A milder-than-expected winter hurt demand for the heating fuel in the quarter and pulled down U.S. natural gas prices to a three-and-a-half-year low in February, also affecting earnings of U.S. oil majors Exxon Mobil and Chevron.

ConocoPhillips CEO Ryan Lance said energy prices have been volatile, but should not prevent the company from increasing cash distribution to shareholders. The company said it will distribute at least $9 billion to stockholders this year.
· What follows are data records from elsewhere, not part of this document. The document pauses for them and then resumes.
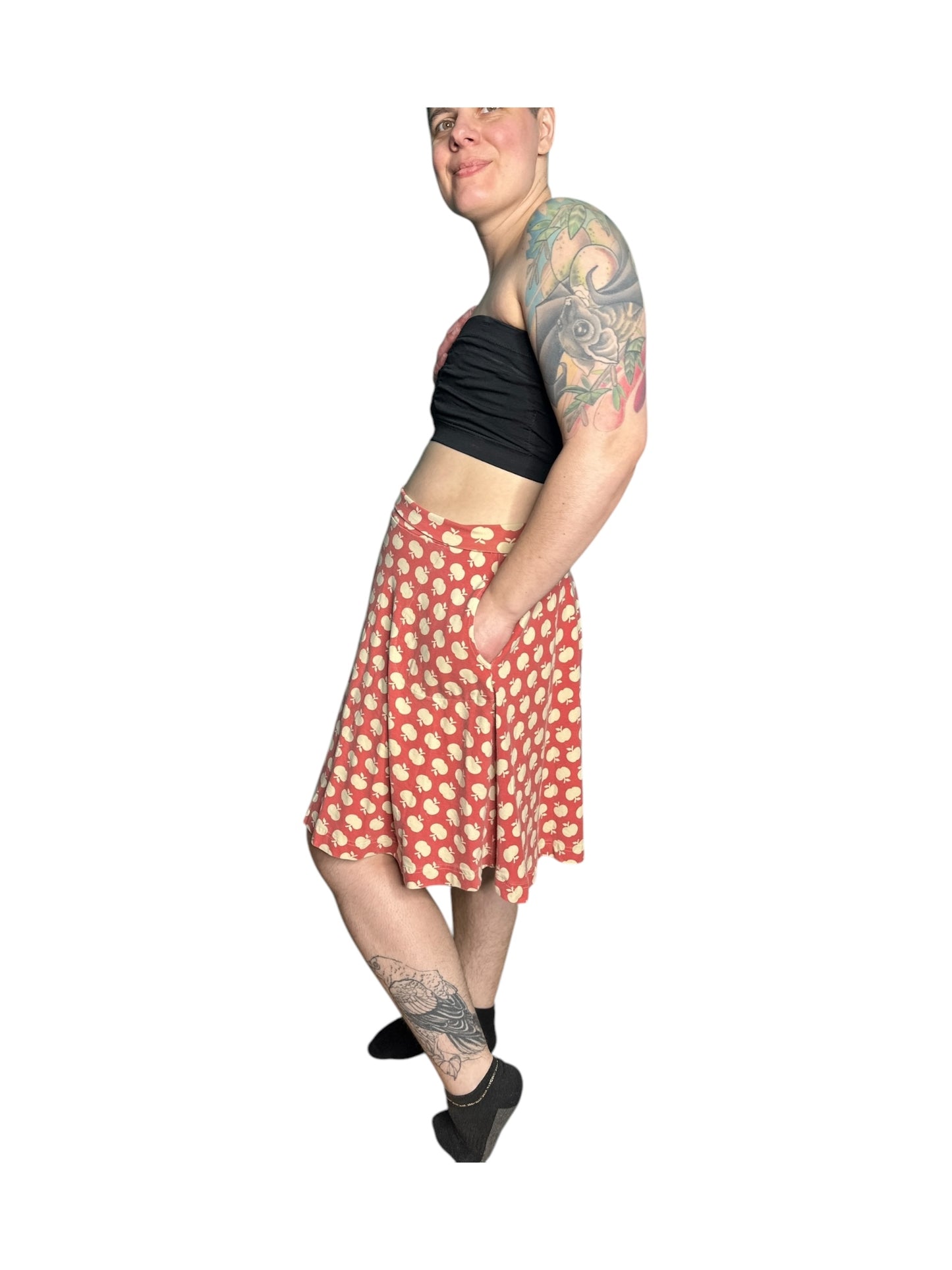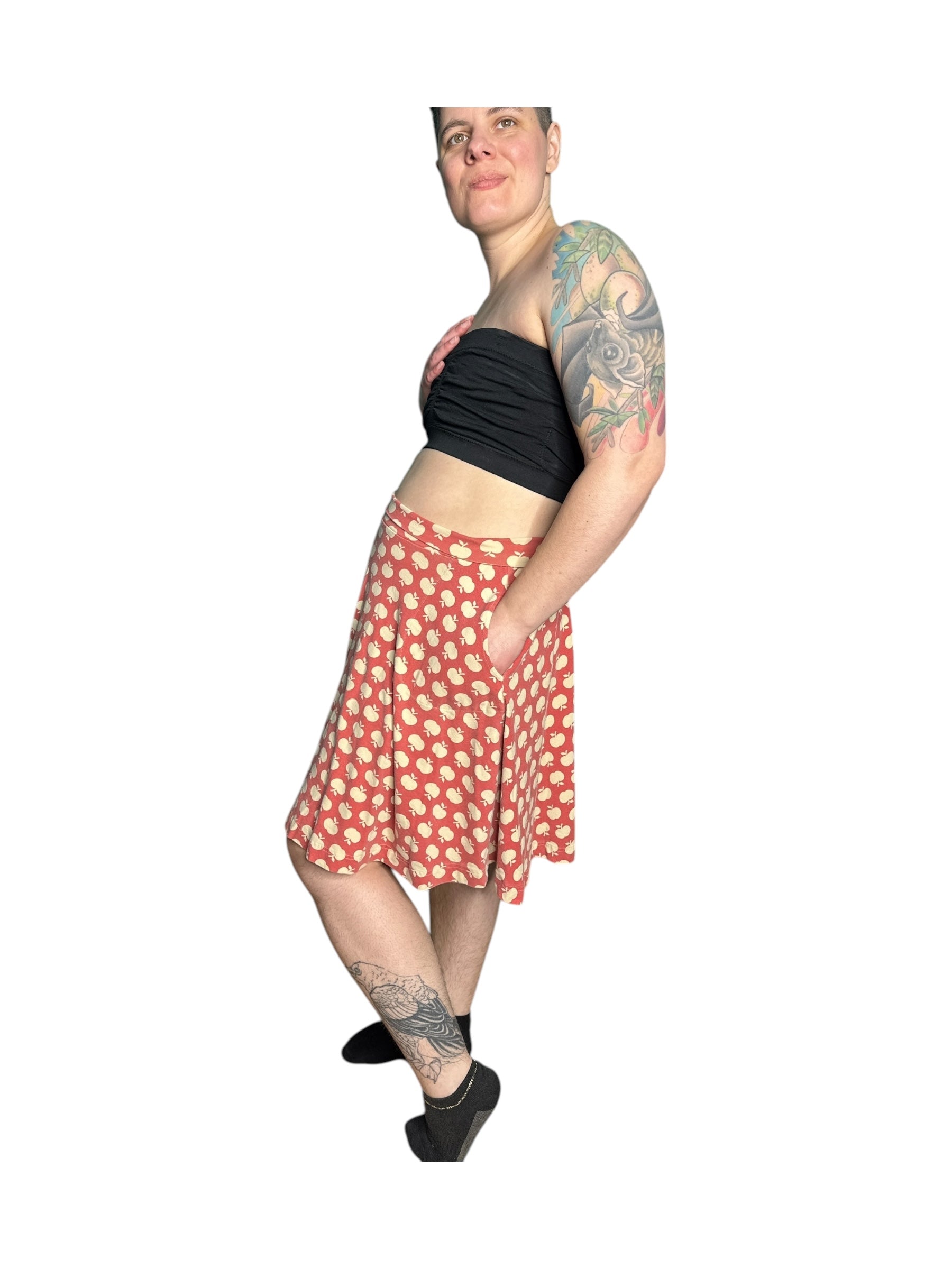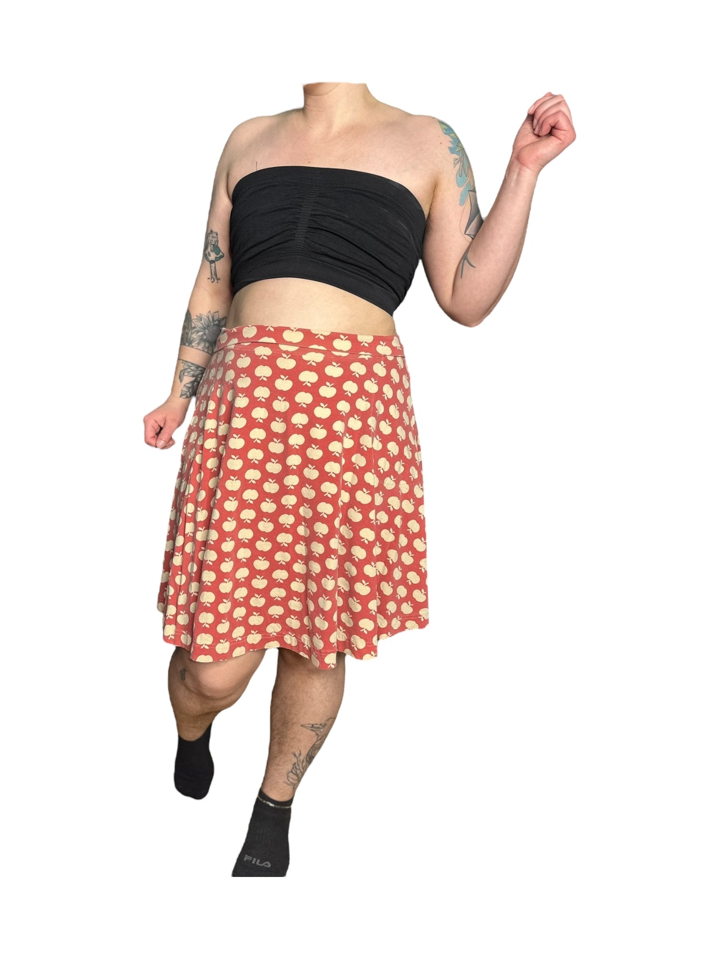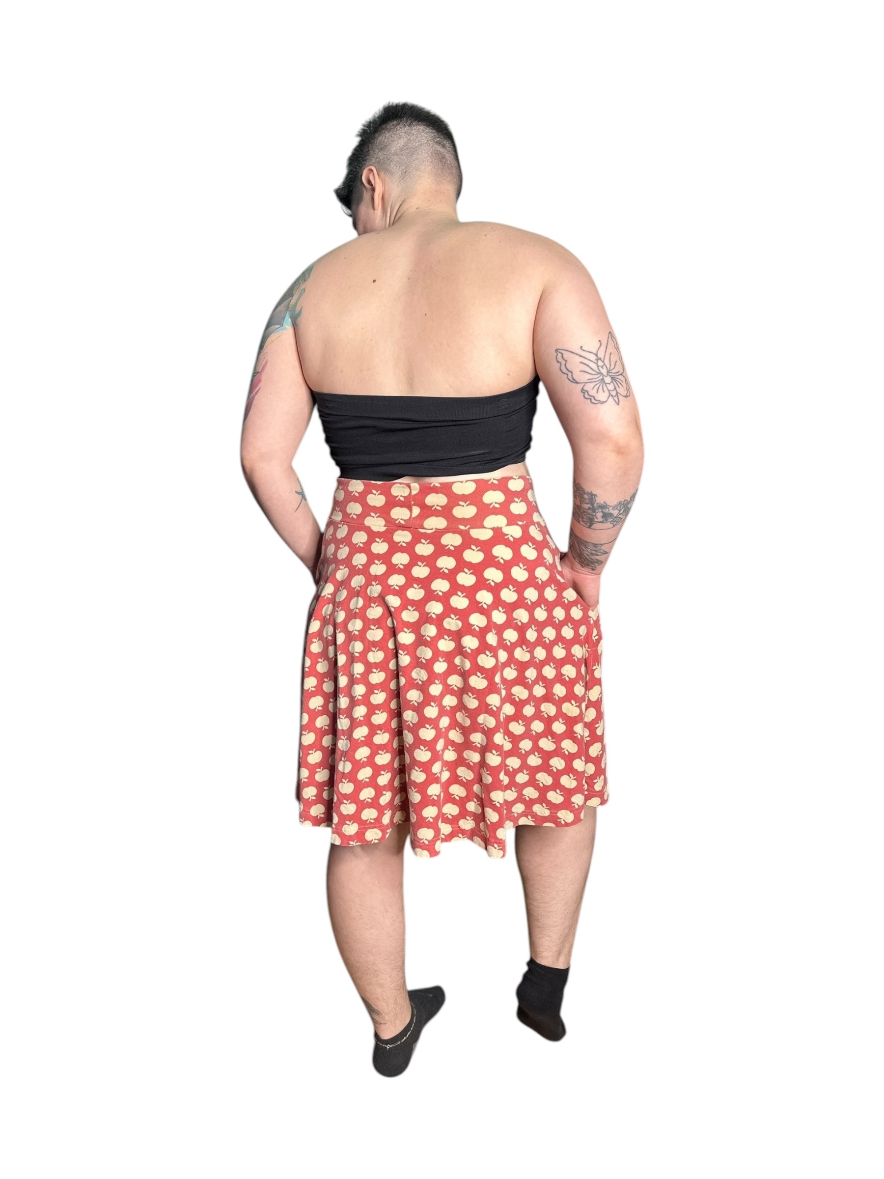 Vintage Orange w/ Beige Apple Pattern Knee length Skirt
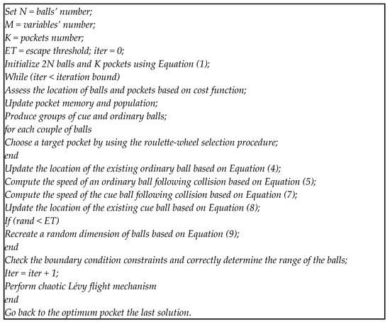 This algorithm’s design is based on the billiards game. Resolution variables are surrounded by each solution, considered to be balls with various dimensions. Balls are assumed to be factors in the optimization problem, and as dimensions of balls, variables are taken into account. Thus, the balls are first generated and located in various places randomly and the best one is assumed to be the pocket. Next, the balls are divided into two groups, cue balls and ordinary balls. The balls are directed by cue balls into the pockets. After the collision, based on the kinematics and collision rules, the movement direction of balls and their position is set. The Billiard-based Optimization Algorithm (BOA) steps are defined in the following:
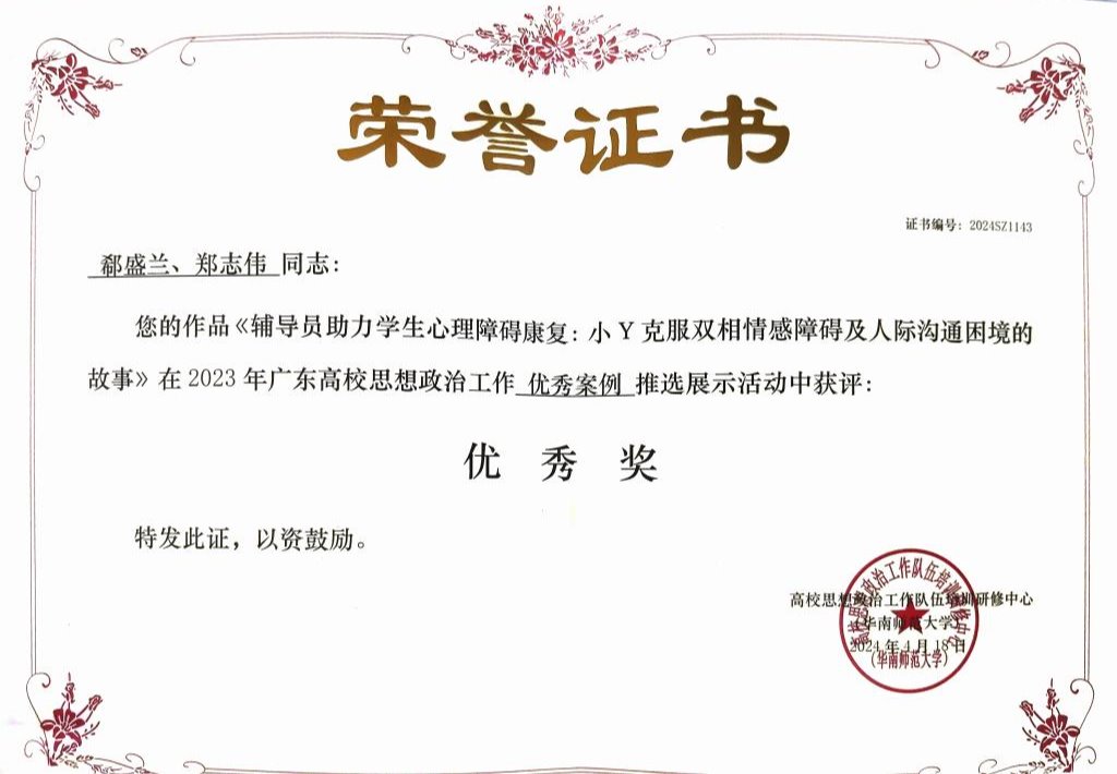 《辅导员助力学生心理障碍康复:小Y克服双相情感障碍及人际沟通困境的故事》 | 优秀奖 |
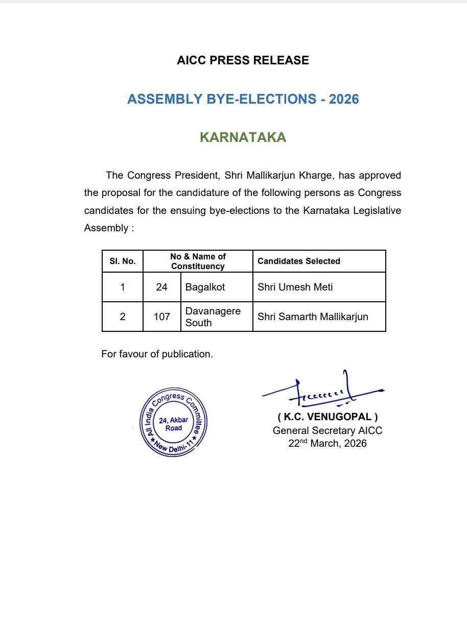 ಉಪಚುನಾವಣೆಗೆ ರಾಜ್ಯ ಕಾಂಗ್ರೆಸ್ ನಲ್ಲಿ ಟಿಕೆಟ್ ಹಂಚಿಕೆ ಕಗ್ಗಂಟು ಇಂದು ಬಗೆಹರಿದಿದೆ. ಏಪ್ರಿಲ್ 9 ರಂದು ನಡೆಯಲಿರುವ ರಾಜ್ಯದ ಎರಡು ಪ್ರಮುಖ ವಿಧಾನಸಭಾ ಕ್ಷೇತ್ರಗಳ ಉಪಚುನಾವಣೆಗೆ ಕಾಂಗ್ರೆಸ್ ತನ್ನ ಅಭ್ಯರ್ಥಿಗಳ ಹೆಸರನ್ನು ಇಂದು ಭಾನುವಾರ ಅಧಿಕೃತವಾಗಿ ಘೋಷಣೆ ಮಾಡಿದೆ.
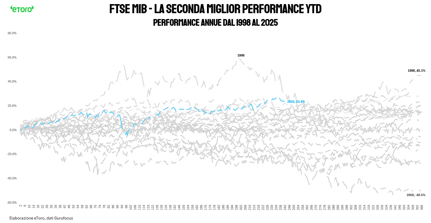 Agosto si è chiuso con un bilancio che conferma la forza straordinaria di Piazza Affari. Il listino ha guadagnato un +2,95%, portando il 2025 a +23,43%, miglior progressione dall’inizio del secolo e secondo solo al 1998. Un risultato di rilievo, seppure offuscato dal finale di mese: -2,57% nell’ultima settimana, con quattro sedute negative su cinque. Nonostante questo, l’ampiezza del movimento resta evidente: soltanto tre titoli in rosso ad agosto (a luglio furono 21, così come a giugno furono 24) e trentuno in positivo da inizio anno (uno in più rispetto ai 30 di fine luglio).
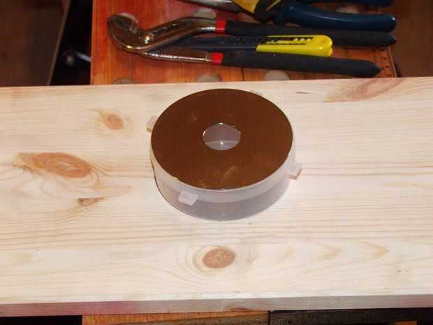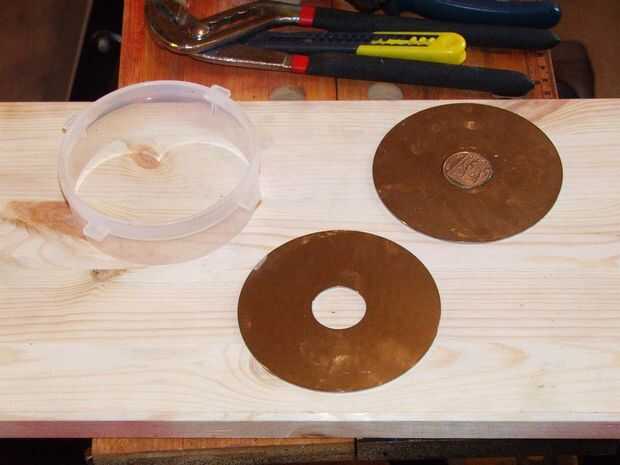 Tuve la suerte cuando compras materiales. El envase de alimento plástico redondo era exactamente el mismo diámetro que los platos del disco duro 3 1/2". Estos tres forman las partes principales del cilindro difusor.
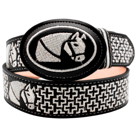 El cinturón para jinete bordado combina la elegancia del hilo bordado con la durabilidad de la vaqueta. Este accesorio, 100% resistente, está diseñado para quienes valoran la calidad y el estilo. Con un ajuste perfecto gracias a su diseño ajustable con ojillos, este cinturón es la opción ideal para cualquier jinete. Destaca en cada ocasión con un producto que ofrece comodidad y distinción. ¡Compra ahora!
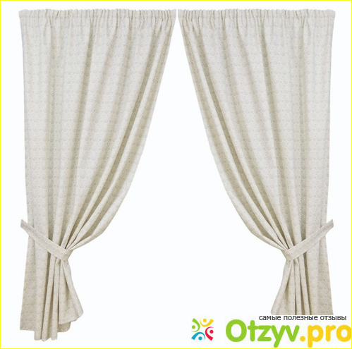 В комплект входит две портьеры и два подхвата. Материал, из которого изготовлены гардины - лонета. В своих предыдущих отзывах я уже писала, что лонета представляет собой разновидность поликоттона, состоящего из волокон хлопка и синтетики. Последняя придает практичности ткани и улучшает ее эксплуатационные характеристики.
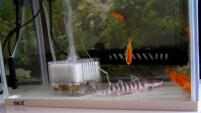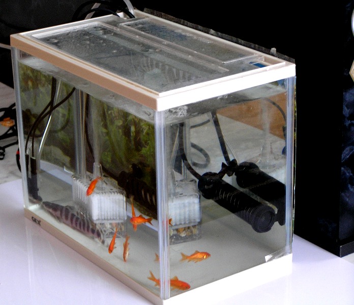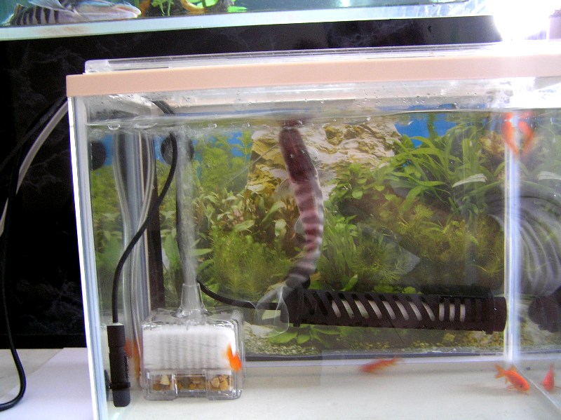 収容数は少ないですが投げ込みフィルターではさすがに肉食魚の濾過は賄いきれないようです。
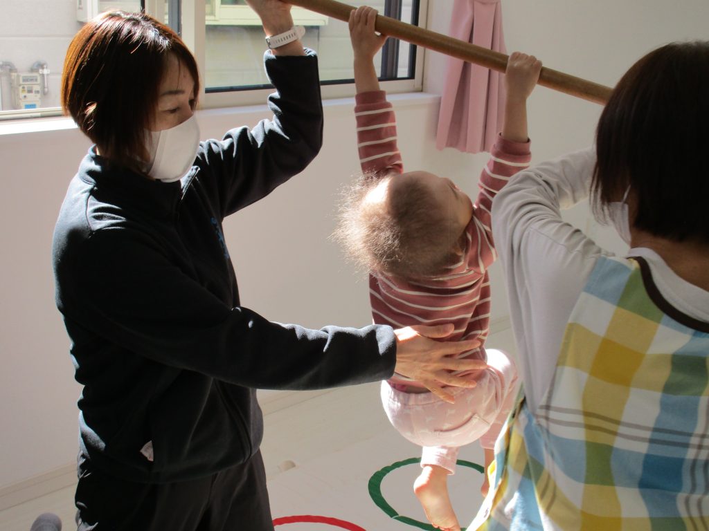 1歳児さんはぶら下がりにはあまり興味を示さず、
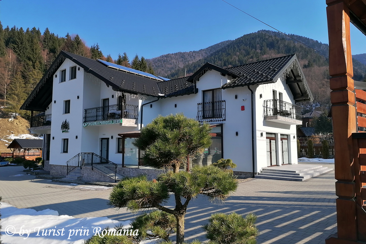 Pe partea stângă cum urci pe strada Izvorul Dragoș, o mândră poartă maramureșeană și o clădire cu o arhitectură ce se încadrează perfect în peisajul zonal îți dă de știre că ai ajuns în Paradis, mai precis într-un Paradis Verde, unde ospitalitatea, curățenia și bunul gust te așteaptă cu drag și brațele deschise.
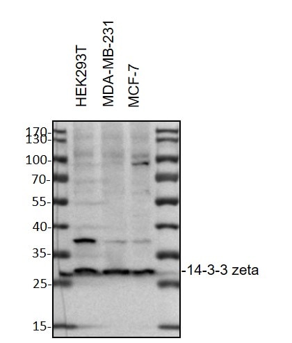 | Immunogen | E. coli-derived recombinant human 14-3-3 zeta Asp2-Asn245 Accession # P63104 |
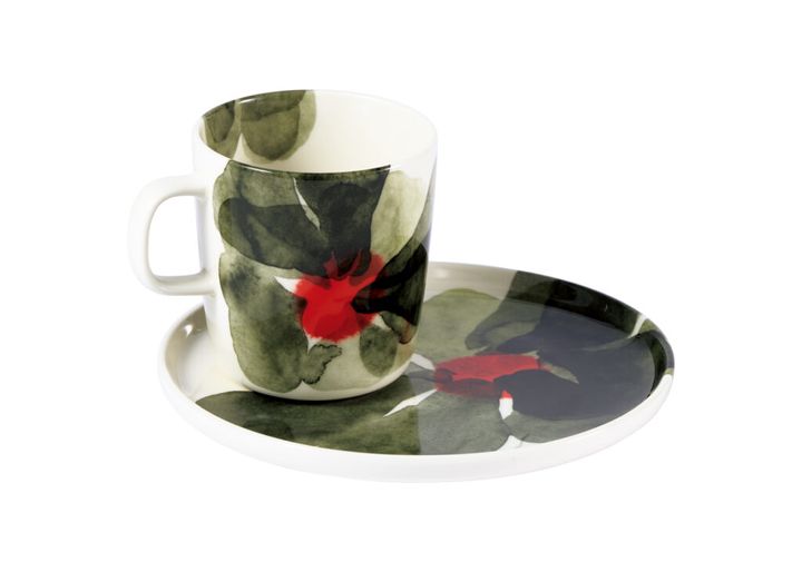 3. 夏の夜をイメージした花が描かれた、〈マリメッコ〉のマグカップ&プレート。

“We recognize that the price that we are experiencing today is well above our mid-cycle. So our investors should expect well above 30% of our cash flow going back to them.”

Lance said ConocoPhillips was closely following the auction process of Venezuela-owned refiner Citgo, as it awaits compensation related to expropriations of its oil assets in the country.

ConocoPhillips’ total average realized price fell 7% to $56.60 per barrel of oil equivalent (boe) in the first quarter.

Most of the hit came from a 46% drop in realized natural gas prices in the lower 48 states in the quarter. Almost half of the company’s production volumes are of natural gas or natural gas liquids.

Production at ConocoPhillips rose to 1.9 million barrels of oil equivalent per day (boepd) from 1.79 million boepd in the year-ago quarter.

ConocoPhillips maintained its plan to increase production by 2%-4% this year to 1.91 to 1.95 million boepd, a level that should be reached in the second quarter, the company said.

The company’s net profit dropped 10% from a year ago to $2.6 billion in the quarter. Adjusted earnings fell to $2.4 billion, or $2.03 per share, missing analysts’ average estimate of $2.04 per share, according to LSEG data.